[Collection entries]
■ ■ ■ ■ ■ ■ ■

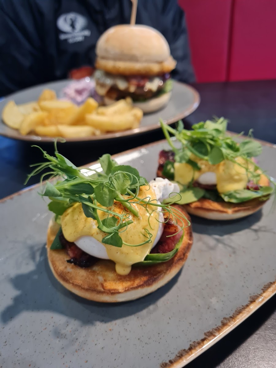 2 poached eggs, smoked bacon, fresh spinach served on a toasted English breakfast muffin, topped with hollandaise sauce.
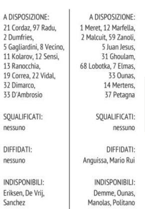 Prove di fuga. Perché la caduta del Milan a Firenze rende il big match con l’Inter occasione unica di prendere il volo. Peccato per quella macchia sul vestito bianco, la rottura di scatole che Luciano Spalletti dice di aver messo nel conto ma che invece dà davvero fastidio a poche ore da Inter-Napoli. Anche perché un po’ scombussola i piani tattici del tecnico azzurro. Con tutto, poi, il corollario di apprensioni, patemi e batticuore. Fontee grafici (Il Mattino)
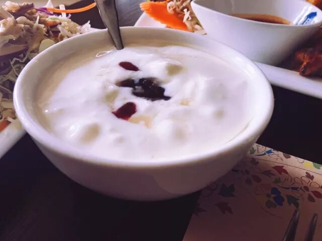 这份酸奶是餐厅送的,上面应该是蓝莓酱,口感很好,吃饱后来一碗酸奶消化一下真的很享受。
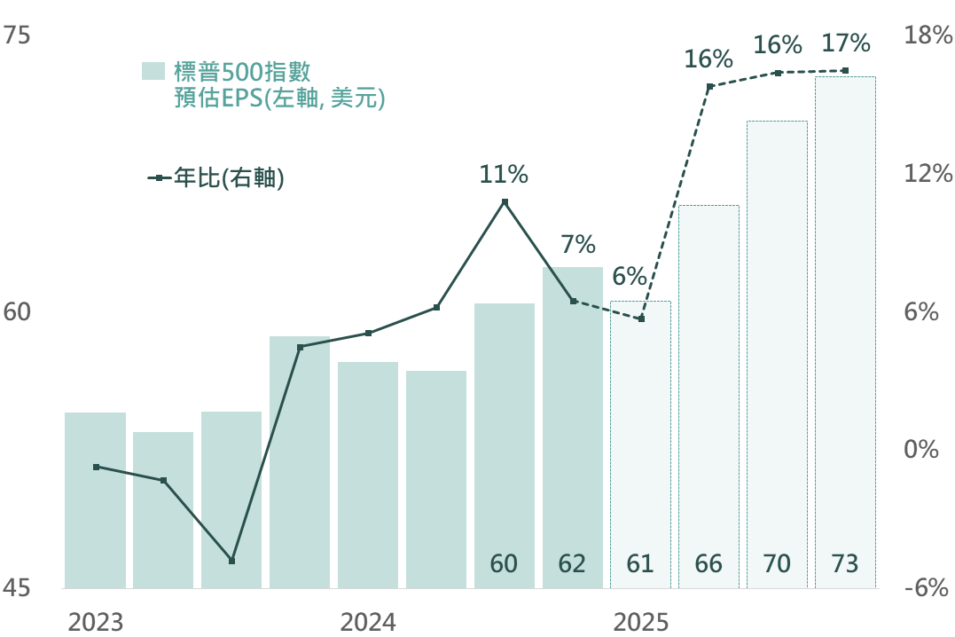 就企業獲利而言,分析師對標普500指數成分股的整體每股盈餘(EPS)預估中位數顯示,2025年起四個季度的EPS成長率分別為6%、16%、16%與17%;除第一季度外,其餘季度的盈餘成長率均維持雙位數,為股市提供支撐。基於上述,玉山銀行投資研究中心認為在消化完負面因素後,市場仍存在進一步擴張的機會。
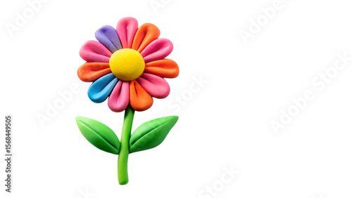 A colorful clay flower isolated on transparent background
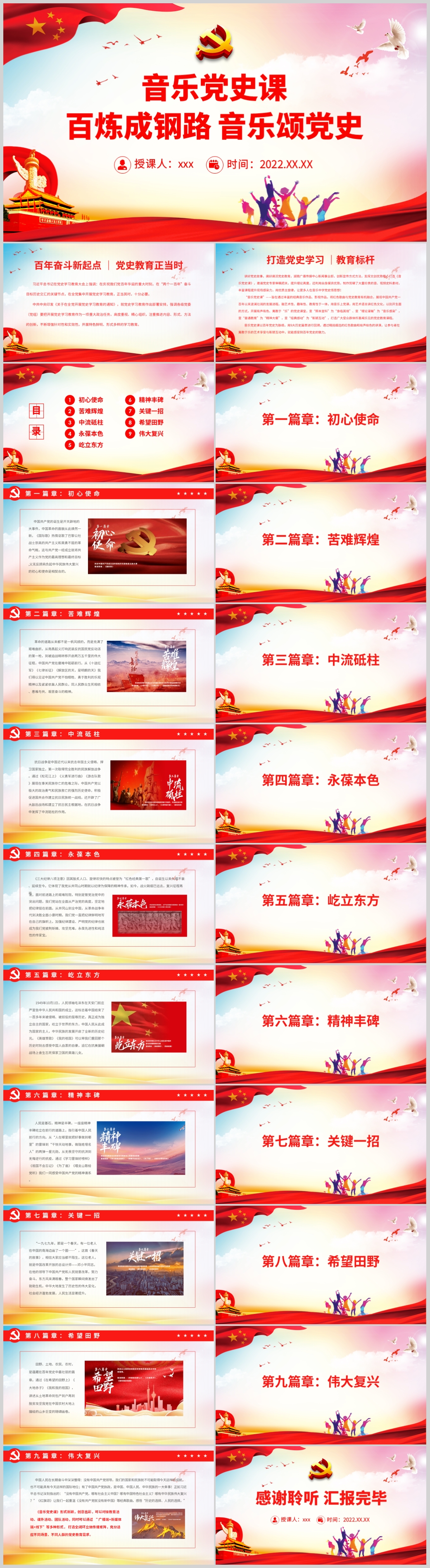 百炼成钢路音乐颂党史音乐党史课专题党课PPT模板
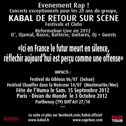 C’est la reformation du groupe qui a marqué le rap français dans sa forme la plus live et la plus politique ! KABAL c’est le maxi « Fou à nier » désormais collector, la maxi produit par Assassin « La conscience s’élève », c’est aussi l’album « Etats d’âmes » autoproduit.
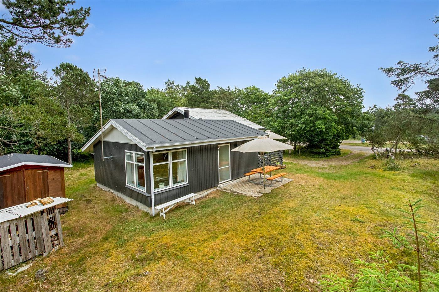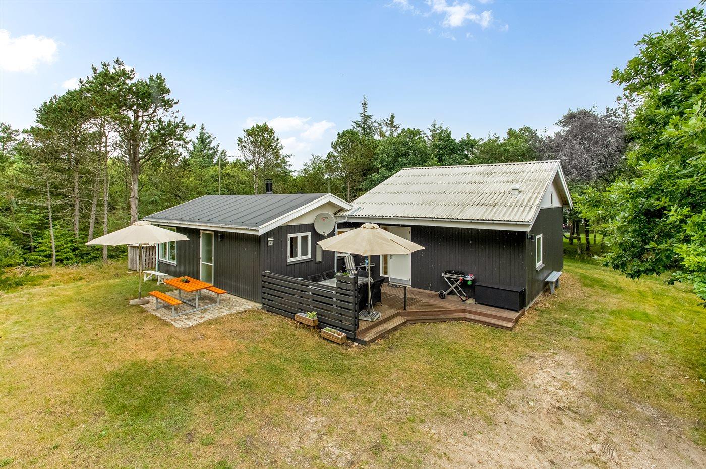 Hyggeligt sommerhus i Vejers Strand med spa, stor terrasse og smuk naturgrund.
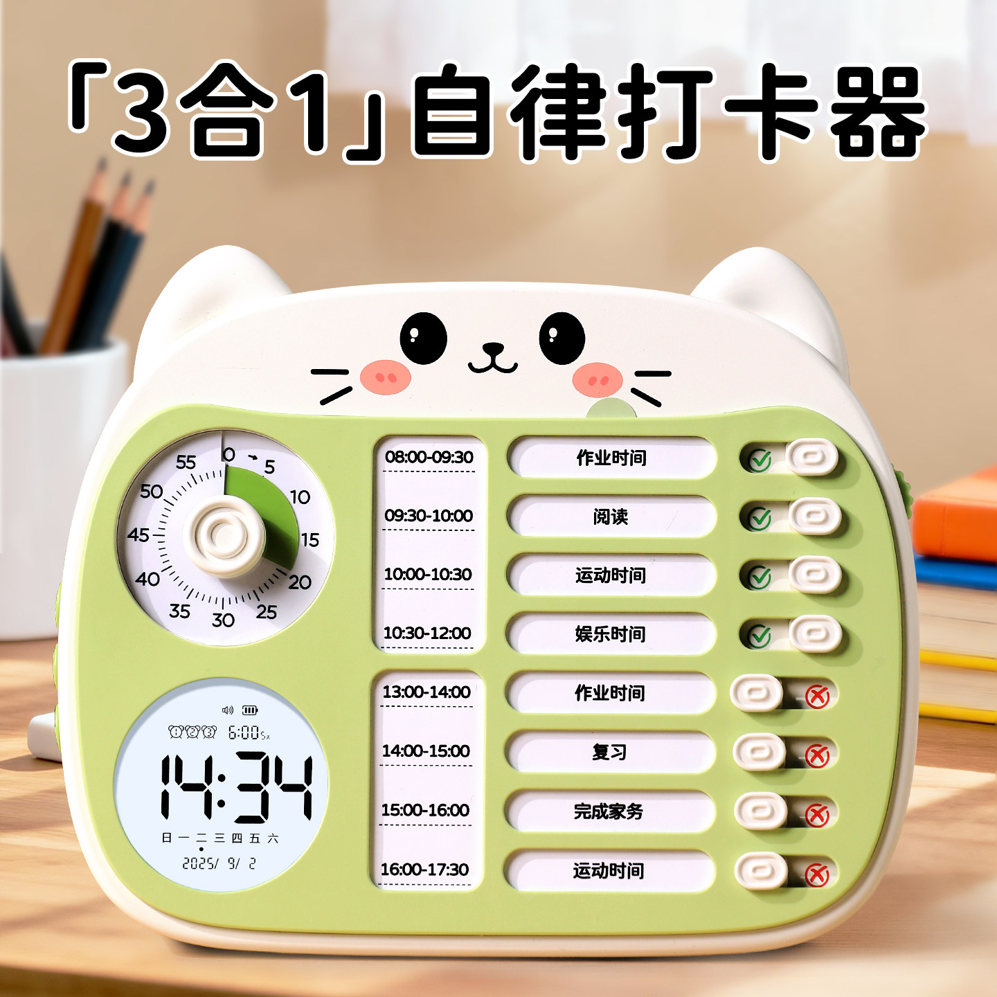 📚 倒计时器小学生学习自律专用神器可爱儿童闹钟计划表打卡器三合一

■ ■ ■ ■ ■ ■ ■

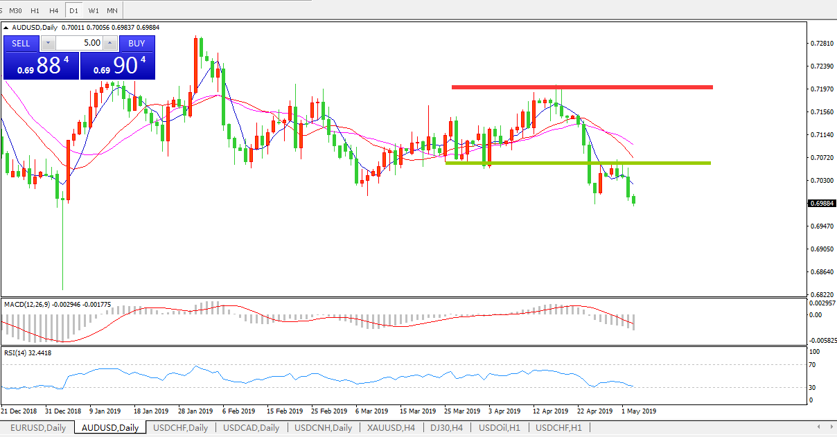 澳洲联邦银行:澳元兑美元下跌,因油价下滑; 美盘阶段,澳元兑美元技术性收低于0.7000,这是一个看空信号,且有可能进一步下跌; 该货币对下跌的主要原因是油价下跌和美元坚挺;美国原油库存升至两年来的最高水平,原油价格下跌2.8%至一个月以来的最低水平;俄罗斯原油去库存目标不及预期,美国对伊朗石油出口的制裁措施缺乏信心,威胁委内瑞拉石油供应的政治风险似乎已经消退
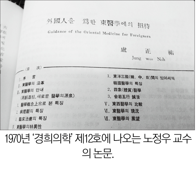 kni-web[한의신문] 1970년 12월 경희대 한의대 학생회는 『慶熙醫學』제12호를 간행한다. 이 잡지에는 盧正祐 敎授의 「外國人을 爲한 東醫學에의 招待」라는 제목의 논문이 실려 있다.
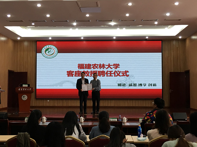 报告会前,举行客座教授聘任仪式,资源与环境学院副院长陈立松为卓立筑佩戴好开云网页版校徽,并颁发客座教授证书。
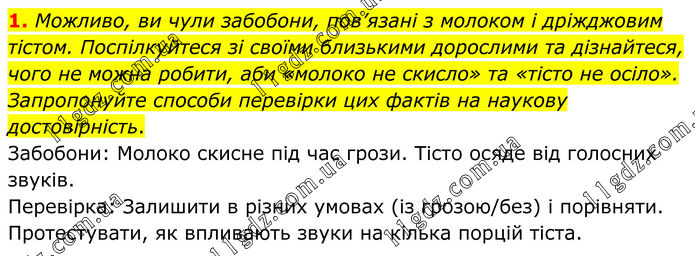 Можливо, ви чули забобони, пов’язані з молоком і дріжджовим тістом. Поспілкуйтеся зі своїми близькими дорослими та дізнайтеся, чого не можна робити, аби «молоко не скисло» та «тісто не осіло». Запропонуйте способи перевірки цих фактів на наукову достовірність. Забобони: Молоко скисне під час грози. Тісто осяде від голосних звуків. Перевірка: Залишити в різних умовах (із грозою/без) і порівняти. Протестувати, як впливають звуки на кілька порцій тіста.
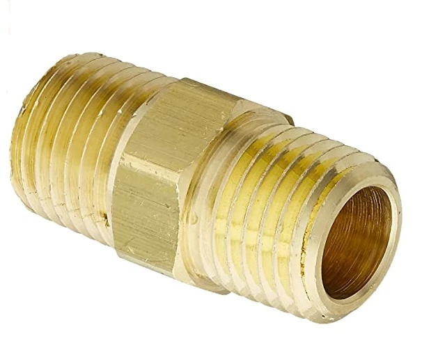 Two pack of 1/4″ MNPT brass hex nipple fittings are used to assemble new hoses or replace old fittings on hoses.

■ ■ ■ ■ ■ ■ ■

## Goal of the exercise
Above are some records. Reproduce the lines from the one with "Можливо, ви чули" down to the one with "Two pack of", keeping both, and leave every picture out.

## The answer
 Можливо, ви чули забобони, пов’язані з молоком і дріжджовим тістом. Поспілкуйтеся зі своїми близькими дорослими та дізнайтеся, чого не можна робити, аби «молоко не скисло» та «тісто не осіло». Запропонуйте способи перевірки цих фактів на наукову достовірність. Забобони: Молоко скисне під час грози. Тісто осяде від голосних звуків. Перевірка: Залишити в різних умовах (із грозою/без) і порівняти. Протестувати, як впливають звуки на кілька порцій тіста.
 Two pack of 1/4″ MNPT brass hex nipple fittings are used to assemble new hoses or replace old fittings on hoses.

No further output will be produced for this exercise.